Seljavallalaug Mountain Pool Information:
- GPS Coordinates to Seljavallalaug: 63° 33? 58.4? N, 19° 36? 27.3? W
- Google Map of the area.
- Open: Year Round
- Time: 20 minutes (one way)
- Hiking Elevation: 200 feet
- Length: Slightly over 1 mile.
- Terrain: Rocky.
- Special Features: Small Stream Crossing
Furthermore, heading out from the car park you will hike directly back into the valley. You’ll experience a tiny hill and rocky terrain. Depending on the weather, you may jump over a small stream (most likely when it has rained that week). No need for water shoes. But maybe hiking poles if you feel more stable and confident as a hiker. Likewise if you’ve been hiking for 10 minutes and don’t see the pool, don’t freak out. It’s there and you’re likely close but you cannot see it from the parking lot or early on in the hike.
Once there, you’ll bask in the beauty of the Lambaellsheiði and Raufarfellsheiði Mountains around you. Breathe in the fresh air, close your eyes, and marvel in the silence! Next, if you did not put on your bathing suit under your hiking clothes, there are changing rooms but we do not recommend them. Seljavallalaug is location that is kept up by volunteers who come once a year. Unfortunately, many people who visit over the year do not respect the area and leave their trash behind. Please don’t do this. More about this below…
Surprises about Seljavallalaug:
- It’s an extremely rugged experience.
- The water temperature will be lukewarm or less. Somewhere between 68-86 degrees Fahrenheit.
- You will find algae on the walls, floating beside you, and likely things growing on the bottom! Delight in your newly found nature friends 😉
- If you peak your head into the changing rooms, you’ll likely wish you hadn’t. Maybe even plug your nose!
Be a Responsible Tourist in Iceland
Don’t be the person who just takes, be a giver. Give back to the local community and other visitors who will follow in your footsteps. How can you do this? For example, be a responsible tourist in Iceland! Meanwhile, you can also keep the golden rule… Leave the area better than you found it! Here are a few ideas to consider:
- When you arrive at the Seljavallalaug Car Park check the area for trash. Pick it up if you see it, including cigarette buds!

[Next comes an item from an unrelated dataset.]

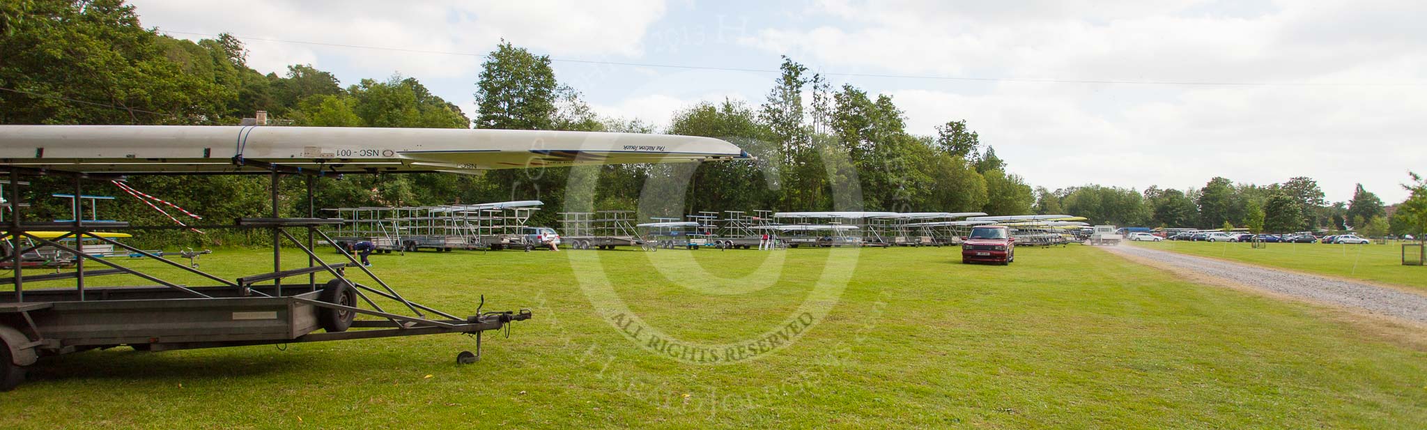 Henley Royal Regatta 2013 (Monday): The boat area of one of the huge HRR car parks.. River Thames between Henley and Temple Island, Henley-on-Thames, Berkshire, United Kingdom, on 01 July 2013 at 15:58, image #45

- While on the hike to the mountain pool, be on the lookout for lost items or other trash items.
- Upon arrival to Seljavallalaug, again look for trash around the pool. Most common are wrappers, water bottles, beer cans, etc.
- Before you leave, maybe even scoop some trash items out of the changing rooms too! That is totally a “pay it forward” action in being a responsible tourist but also good karma!
- If others are enjoying the pool alongside of you, keep your voices down and don’t play music unless you respectfully ask the other patrons.
- Do not fly a drone here unless you have asked the other individuals nearby if they are okay with it. Super rude if you don’t!